Task statement -> The answer should be an exact repeat of the stretch of material below from the line containing "Provides safe storage" through the line containing "- Tlač bez obmedzenia".

Provided data ->
•••

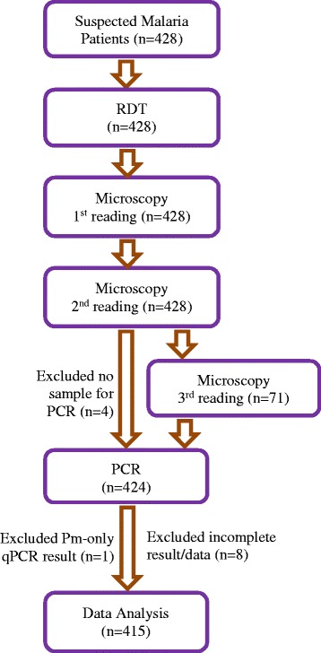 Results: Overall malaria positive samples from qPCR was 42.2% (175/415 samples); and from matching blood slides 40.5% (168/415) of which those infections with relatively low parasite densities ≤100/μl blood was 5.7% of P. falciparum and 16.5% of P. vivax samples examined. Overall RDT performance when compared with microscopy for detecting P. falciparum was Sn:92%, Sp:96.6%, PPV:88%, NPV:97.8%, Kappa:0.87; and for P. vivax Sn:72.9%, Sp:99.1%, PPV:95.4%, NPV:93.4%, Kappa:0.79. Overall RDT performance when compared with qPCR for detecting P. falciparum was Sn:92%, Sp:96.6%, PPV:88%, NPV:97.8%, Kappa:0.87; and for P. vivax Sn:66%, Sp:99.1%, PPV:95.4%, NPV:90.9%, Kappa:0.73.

•••

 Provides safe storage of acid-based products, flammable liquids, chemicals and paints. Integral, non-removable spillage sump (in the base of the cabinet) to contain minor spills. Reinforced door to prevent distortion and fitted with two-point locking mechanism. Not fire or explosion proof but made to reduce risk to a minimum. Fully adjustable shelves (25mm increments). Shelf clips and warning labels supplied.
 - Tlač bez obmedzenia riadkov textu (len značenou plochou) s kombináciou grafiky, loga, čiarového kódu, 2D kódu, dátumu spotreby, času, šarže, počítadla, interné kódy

•••

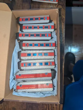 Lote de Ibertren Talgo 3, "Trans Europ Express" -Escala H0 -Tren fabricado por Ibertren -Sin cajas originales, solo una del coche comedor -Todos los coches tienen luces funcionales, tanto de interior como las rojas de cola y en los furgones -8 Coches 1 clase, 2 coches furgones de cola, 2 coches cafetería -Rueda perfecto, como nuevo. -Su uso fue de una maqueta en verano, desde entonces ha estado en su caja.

•••

Completed exercise ->
 Provides safe storage of acid-based products, flammable liquids, chemicals and paints. Integral, non-removable spillage sump (in the base of the cabinet) to contain minor spills. Reinforced door to prevent distortion and fitted with two-point locking mechanism. Not fire or explosion proof but made to reduce risk to a minimum. Fully adjustable shelves (25mm increments). Shelf clips and warning labels supplied.
 - Tlač bez obmedzenia riadkov textu (len značenou plochou) s kombináciou grafiky, loga, čiarového kódu, 2D kódu, dátumu spotreby, času, šarže, počítadla, interné kódy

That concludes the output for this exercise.